TASK TO CARRY OUT:
Write out all the records exactly, and keep any images out.

--- RECORDS TO PROCESS Enclosed Below ---

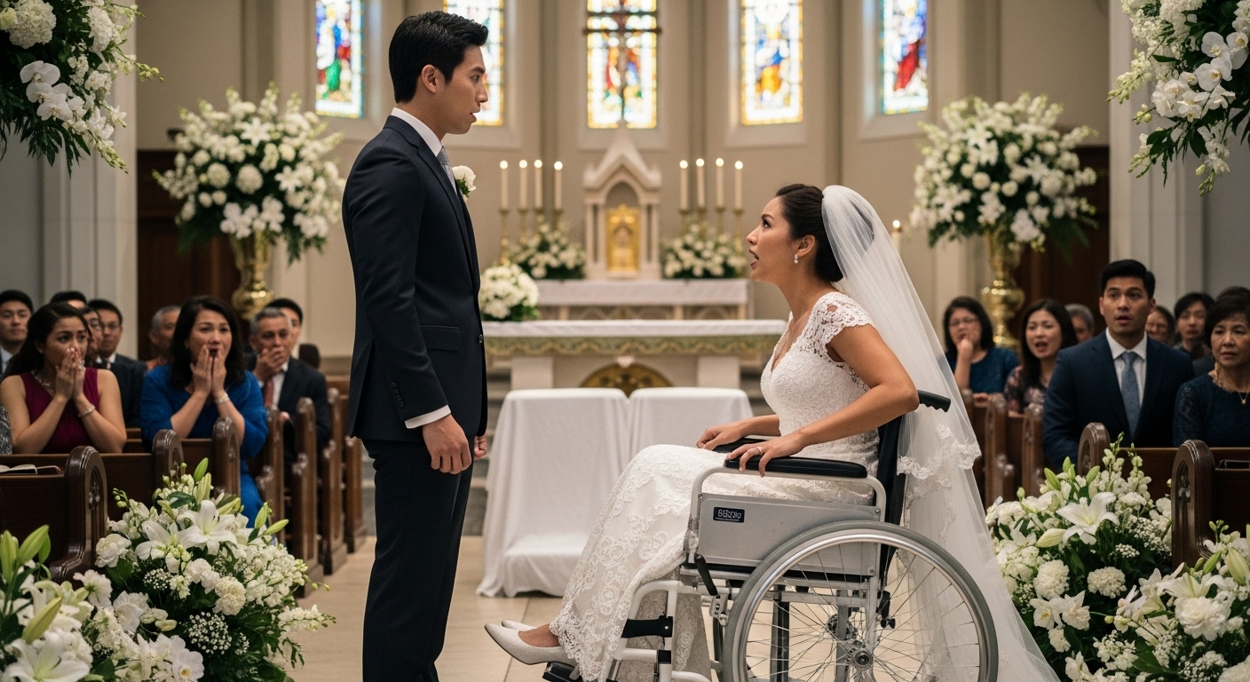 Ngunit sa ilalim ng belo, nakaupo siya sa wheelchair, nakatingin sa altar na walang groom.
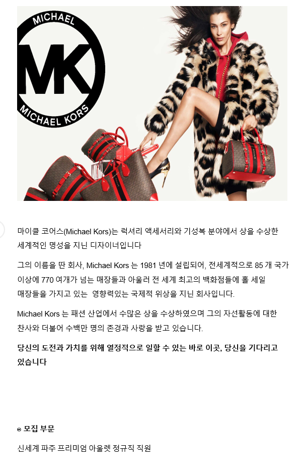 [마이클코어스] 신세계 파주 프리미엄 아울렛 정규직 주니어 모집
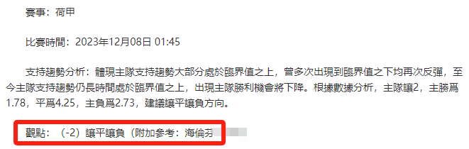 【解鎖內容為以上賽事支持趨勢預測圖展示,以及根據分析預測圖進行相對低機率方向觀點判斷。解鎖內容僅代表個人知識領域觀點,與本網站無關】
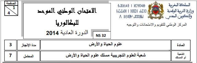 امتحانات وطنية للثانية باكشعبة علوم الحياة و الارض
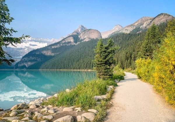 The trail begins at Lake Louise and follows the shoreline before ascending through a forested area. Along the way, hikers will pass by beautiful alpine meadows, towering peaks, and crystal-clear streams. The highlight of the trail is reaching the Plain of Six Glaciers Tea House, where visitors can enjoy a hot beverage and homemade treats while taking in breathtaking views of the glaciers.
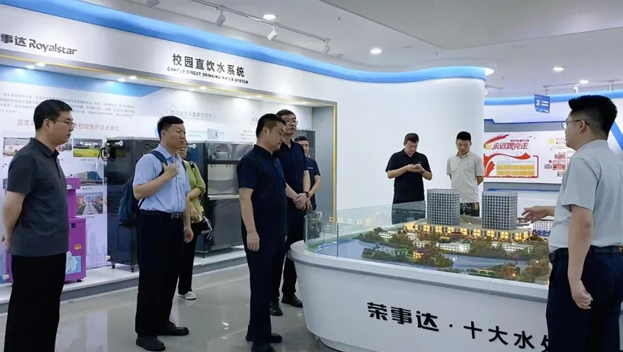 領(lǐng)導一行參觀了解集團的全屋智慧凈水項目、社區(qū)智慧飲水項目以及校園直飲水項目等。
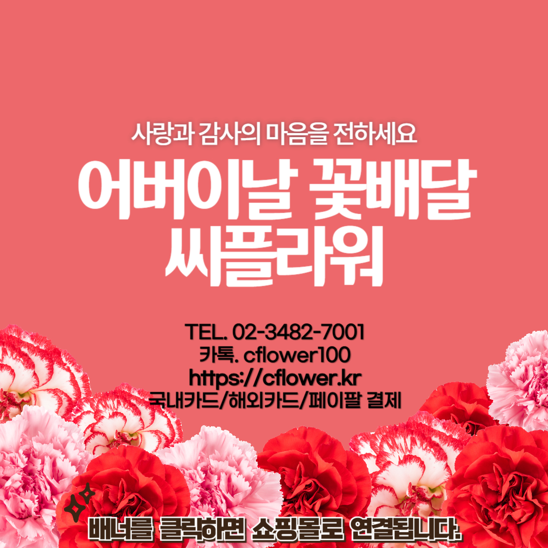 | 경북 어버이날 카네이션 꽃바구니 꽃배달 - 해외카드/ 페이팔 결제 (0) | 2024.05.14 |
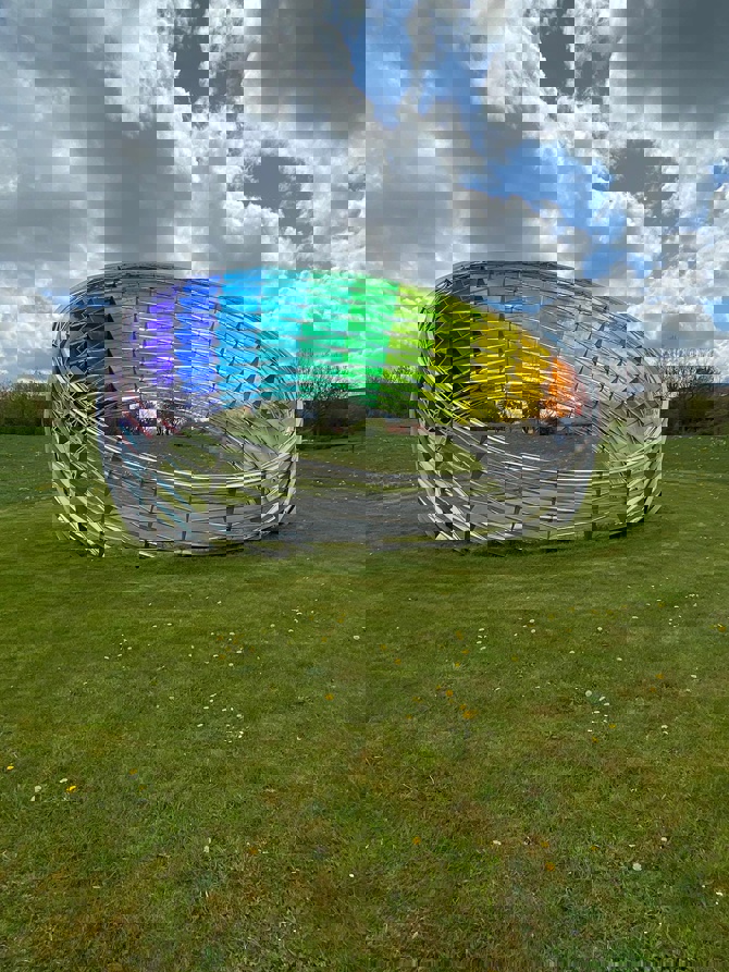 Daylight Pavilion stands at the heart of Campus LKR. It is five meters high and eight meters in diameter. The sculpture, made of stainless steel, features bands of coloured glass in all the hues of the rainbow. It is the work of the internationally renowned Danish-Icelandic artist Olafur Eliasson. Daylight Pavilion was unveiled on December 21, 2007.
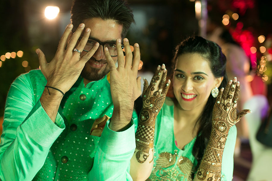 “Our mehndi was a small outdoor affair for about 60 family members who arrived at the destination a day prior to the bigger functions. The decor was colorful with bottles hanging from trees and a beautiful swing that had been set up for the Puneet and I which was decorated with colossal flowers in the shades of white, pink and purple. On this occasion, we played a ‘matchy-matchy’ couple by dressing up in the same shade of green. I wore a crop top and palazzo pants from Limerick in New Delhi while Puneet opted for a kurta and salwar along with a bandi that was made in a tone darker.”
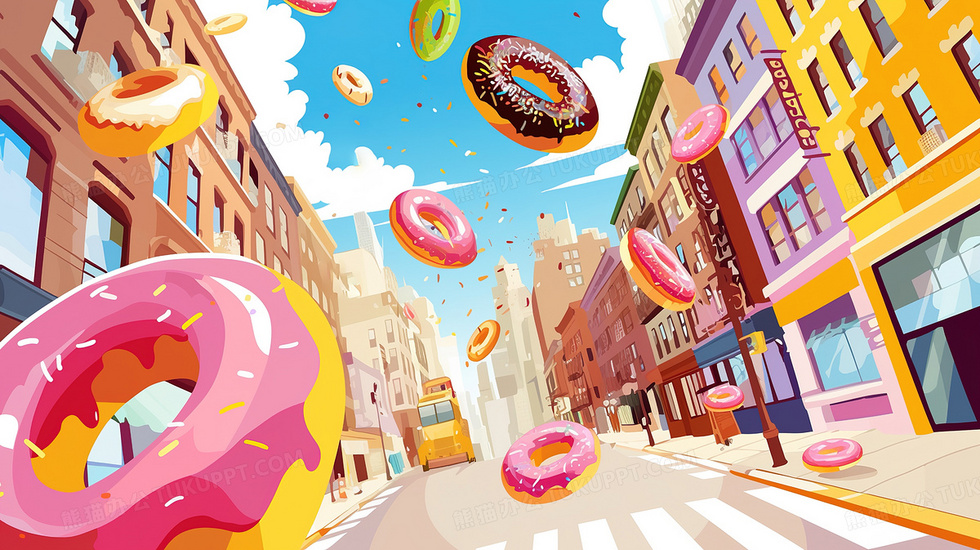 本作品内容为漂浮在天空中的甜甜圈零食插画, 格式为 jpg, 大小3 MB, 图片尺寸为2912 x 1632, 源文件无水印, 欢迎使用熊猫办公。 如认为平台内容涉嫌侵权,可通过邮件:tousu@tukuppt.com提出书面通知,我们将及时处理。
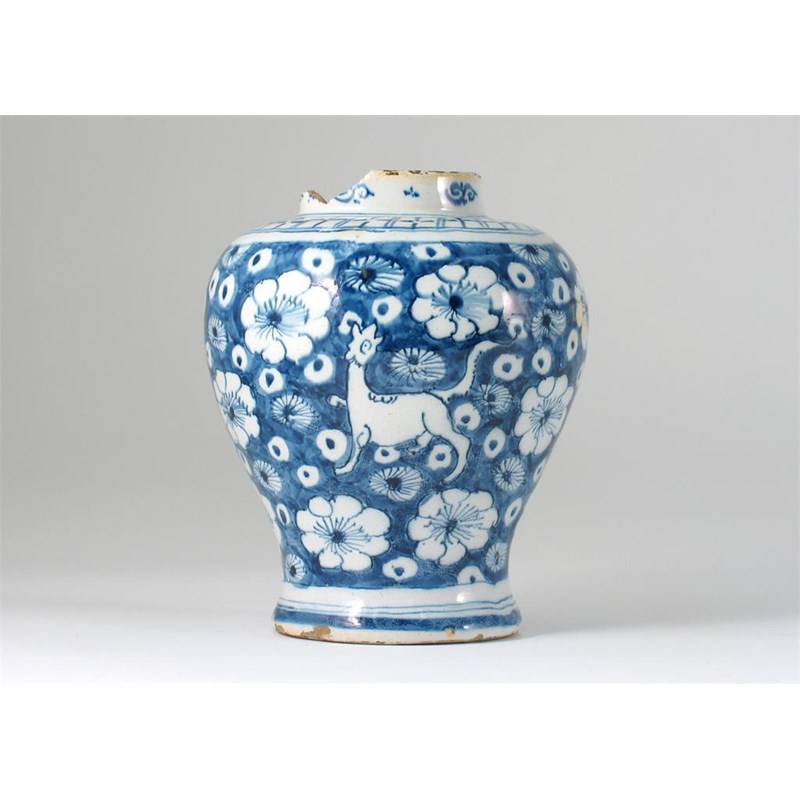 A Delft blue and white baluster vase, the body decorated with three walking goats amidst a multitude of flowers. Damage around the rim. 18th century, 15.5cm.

--- End of Enclosed RECORDS TO PROCESS ---

EXERCISE SOLUTION:
 Ngunit sa ilalim ng belo, nakaupo siya sa wheelchair, nakatingin sa altar na walang groom.
 [마이클코어스] 신세계 파주 프리미엄 아울렛 정규직 주니어 모집
 【解鎖內容為以上賽事支持趨勢預測圖展示,以及根據分析預測圖進行相對低機率方向觀點判斷。解鎖內容僅代表個人知識領域觀點,與本網站無關】
 امتحانات وطنية للثانية باكشعبة علوم الحياة و الارض
 The trail begins at Lake Louise and follows the shoreline before ascending through a forested area. Along the way, hikers will pass by beautiful alpine meadows, towering peaks, and crystal-clear streams. The highlight of the trail is reaching the Plain of Six Glaciers Tea House, where visitors can enjoy a hot beverage and homemade treats while taking in breathtaking views of the glaciers.
 領(lǐng)導一行參觀了解集團的全屋智慧凈水項目、社區(qū)智慧飲水項目以及校園直飲水項目等。
 | 경북 어버이날 카네이션 꽃바구니 꽃배달 - 해외카드/ 페이팔 결제 (0) | 2024.05.14 |
 Daylight Pavilion stands at the heart of Campus LKR. It is five meters high and eight meters in diameter. The sculpture, made of stainless steel, features bands of coloured glass in all the hues of the rainbow. It is the work of the internationally renowned Danish-Icelandic artist Olafur Eliasson. Daylight Pavilion was unveiled on December 21, 2007.
 “Our mehndi was a small outdoor affair for about 60 family members who arrived at the destination a day prior to the bigger functions. The decor was colorful with bottles hanging from trees and a beautiful swing that had been set up for the Puneet and I which was decorated with colossal flowers in the shades of white, pink and purple. On this occasion, we played a ‘matchy-matchy’ couple by dressing up in the same shade of green. I wore a crop top and palazzo pants from Limerick in New Delhi while Puneet opted for a kurta and salwar along with a bandi that was made in a tone darker.”
 本作品内容为漂浮在天空中的甜甜圈零食插画, 格式为 jpg, 大小3 MB, 图片尺寸为2912 x 1632, 源文件无水印, 欢迎使用熊猫办公。 如认为平台内容涉嫌侵权,可通过邮件:tousu@tukuppt.com提出书面通知,我们将及时处理。
 A Delft blue and white baluster vase, the body decorated with three walking goats amidst a multitude of flowers. Damage around the rim. 18th century, 15.5cm.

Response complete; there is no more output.